JR Custom Calls said:


> Yep seen more deer so far in 3 days of turkey hunting than I did all during deer season.
> 
> So I decided to work on cutting up some walnut to slab up this afternoon.
> 
> View attachment 102131 View attachment 102132 View attachment 102133


Tomorrow is another day


----------



## JR Custom Calls

You can have the best calls and be the best caller in the world... But hens win every time lol

Reactions: Like 1


----------



## CWS

JR Custom Calls said:


> You can have the best calls and be the best caller in the world... But hens win every time lol


Hang in there Jonathan. It's gonna a rain and your luck will change. The offer to use my JR call still stands.

Reactions: Like 1 | Funny 1


----------



## JR Custom Calls

CWS said:


> Hang in there Jonathan. It's gonna a rain and your luck will change. The offer to use my JR call still stands.


Yeah I just got busted by one up on the ridge. Need rain bad.

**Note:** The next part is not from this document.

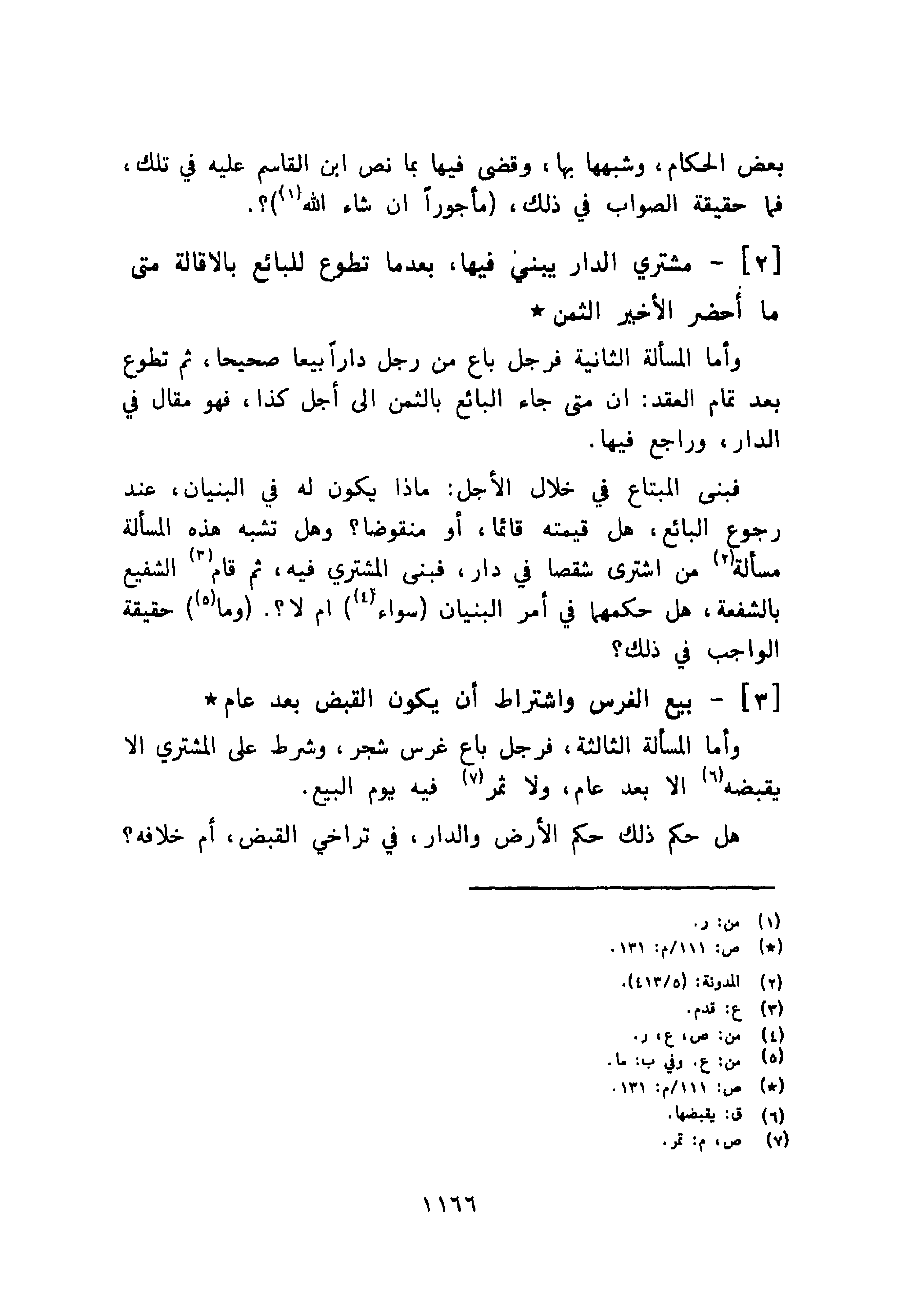 [2]- مشتري الدار يبني فيها، بعدما تطوع للبائع بالإقالة متى ما أحضر الأخير الثمن

Leaves are so dry here


----------



## ironman123

I will send you a Rio Grande tom on a 50 foot line with stake attached. You pay shipping. Just trying to help.

Reactions: Like 1


----------



## JR Custom Calls

ironman123 said:


> I will send you a Rio Grande tom on a 50 foot line with stake attached. You pay shipping. Just trying to help.


It's a tempting offer. This has been a very frustrating season so far. I wish I had somewhere else to hunt. There are just so many hens where I'm at, they're screwing with us


----------



## ironman123

Good luck dude.


----------



## HomeBody

I've never hunted turkeys but I may start. We've never had turkeys here until 2 yrs. ago. They must be expanding their range from the nearby Corps of Engineers lake. I see them almost every day out my picture window and I can hear them gobbling across the road. I see the same (?) turkey every day about 11 am. He runs through my yard, crosses the road and heads for the woods. They must be somewhat like deer travelling the same route daily in breeding season. I need to buy a call and take lessons. Gary


----------



## DaveHawk

Good luck JR , I've been out in SC got skunked , and so far in Va and Md. Birds just do not want to get shot LOL


----------



## CWS

ironman123 said:


> I will send you a Rio Grande tom on a 50 foot line with stake attached. You pay shipping. Just trying to help.


I'm not so sure you should let the turkey have that long of a rope. Just sayin


----------



## ironman123

Aw, Jonathan should be a good shot at that range.


----------



## JR Custom Calls

Another unsuccessful hunt. It's somewhat good to know most everyone hunting around me is having the same luck though. 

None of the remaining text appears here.